##### INFORMATION PROVIDED #####
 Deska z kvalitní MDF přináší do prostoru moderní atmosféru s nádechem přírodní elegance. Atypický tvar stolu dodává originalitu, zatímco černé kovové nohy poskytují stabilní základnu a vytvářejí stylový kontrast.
#####
##### INFORMATION PROVIDED #####
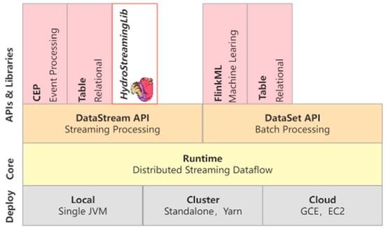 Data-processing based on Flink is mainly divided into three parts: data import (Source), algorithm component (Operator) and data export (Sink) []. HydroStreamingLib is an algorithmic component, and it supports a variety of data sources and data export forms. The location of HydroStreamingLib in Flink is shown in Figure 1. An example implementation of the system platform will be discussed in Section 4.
#####
##### INFORMATION PROVIDED #####
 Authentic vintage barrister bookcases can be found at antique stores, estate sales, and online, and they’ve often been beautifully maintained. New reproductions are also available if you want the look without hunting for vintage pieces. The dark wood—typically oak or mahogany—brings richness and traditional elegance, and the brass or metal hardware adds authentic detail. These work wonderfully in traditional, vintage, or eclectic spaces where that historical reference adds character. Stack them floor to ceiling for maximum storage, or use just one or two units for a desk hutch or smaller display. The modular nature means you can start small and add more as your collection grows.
#####
YOUR ASSIGNMENT. Every line above that holds the word "elegance" should be copied out.

ANSWER TO THIS TASK.
 Deska z kvalitní MDF přináší do prostoru moderní atmosféru s nádechem přírodní elegance. Atypický tvar stolu dodává originalitu, zatímco černé kovové nohy poskytují stabilní základnu a vytvářejí stylový kontrast.
 Authentic vintage barrister bookcases can be found at antique stores, estate sales, and online, and they’ve often been beautifully maintained. New reproductions are also available if you want the look without hunting for vintage pieces. The dark wood—typically oak or mahogany—brings richness and traditional elegance, and the brass or metal hardware adds authentic detail. These work wonderfully in traditional, vintage, or eclectic spaces where that historical reference adds character. Stack them floor to ceiling for maximum storage, or use just one or two units for a desk hutch or smaller display. The modular nature means you can start small and add more as your collection grows.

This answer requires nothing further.